Jawaban yang mirip juga disampaikan Suyud sehingga mereka bertiga tersenyum bersama.
Menu yang ditawarkan untuk makan pagi agak siang tersebut sangat istimewa. Semua  merupakan makanan favorit sehingga ketiganya sempat bingung menentukannya.
"Aku ayam panggang, tumis kangkung, es mutiara sajalah, Mas!" pinta Ayusti mantap.
"Saya boleh pesan urap-urap dan ikan nila goreng saja, Ito," ujar Suyud.
"Ito?" alis Ayusti mengernyit memandangnya.
"Oh, hahaha ... iya. Kami setuju agar Mas Suyud memanggil saya Ito, dan menyapamu Eda! Maaf, ini hasil pembicaraan kami saat dirimu tertidur, Dik!"
"Oh, baguslah. Mengingatkan kita saat di kebun sawit hehe," ujar Ayusti, "Iya, aku setuju!"
"Iya, tetapi nanti saat kita memperkenalkan diri di tempat baru, baiknya kita katakan bahwa kita ini pasangan Pak Nu dan Bu Yus saja. Bagaimana?"
"Baiklah, oke sepakat," sambut Ayusti.
"Baik, Ito, Eda!" tutur Suyud tersenyum.
Ketika  pesanan masing-masing sampai di meja, mereka bertiga menyantap dengan sangat lahap. Maklum perjalanan menguras air mata dan kini kedua pasangan tersebut berniat mengakhiri tangis. Mereka hendak membuka lembaran hidup baru di tempat baru dengan tekad setangguh baja.
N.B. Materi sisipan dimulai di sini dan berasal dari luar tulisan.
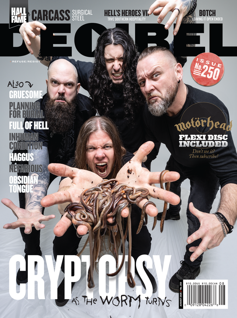 Decibel a annoncé que Cryptopsy est l’artiste en couverture de son 250e numéro. La photo, prise par Shimon Karmel, rend hommage à leur héritage en tant que groupe le plus ignoble du death metal. Les quatre membres du groupe se sont entretenus avec Justin M. Norton, collaborateur de longue date du magazine, pour discuter du concept étrangement prémonitoire derrière An Insatiable Violence et de la façon dont ce nouvel album s’inscrit dans la relance actuelle de Cryptopsy.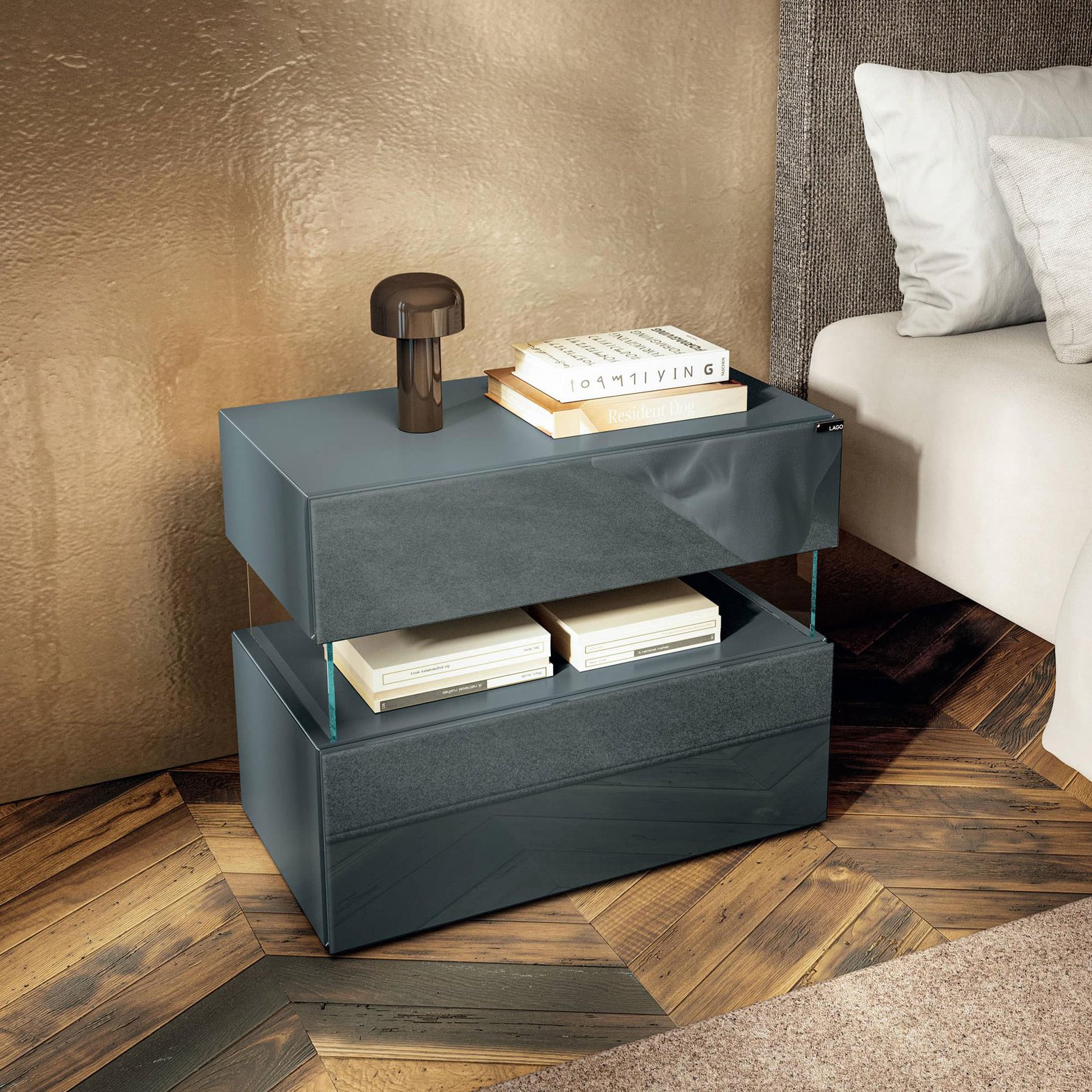 Designed with precision aluminum framing and a hidden fastening system, the Air Floating Glass Nightstand emphasizes craftsmanship while remaining highly customizable. Available in a wide range of finishes for both the front and top, each configuration balances material richness with floating elegance. Whether styled as a single accent or in pairs, it adds both practicality and a refined architectural touch to the bedroom.

Mereka duduk semeja. Tidak dibedakan lagi antara sopir dan majikan. Bahkan, Nu mengangkat Suyud sebagai partner, bahkan sedulur sinorowedi, kerabat yang menyelamatkan hidupnya di dalam pelarian. Suyud pun bertekad untuk membersamai majikannya tersebut hingga keluarga mereka utuh kembali. Ia ingin menjadi saksi hidup di dalam sejarah keluarga besar juragan sepuh yang telah menganggap dan mengangkatnya dari jurang kemiskinan.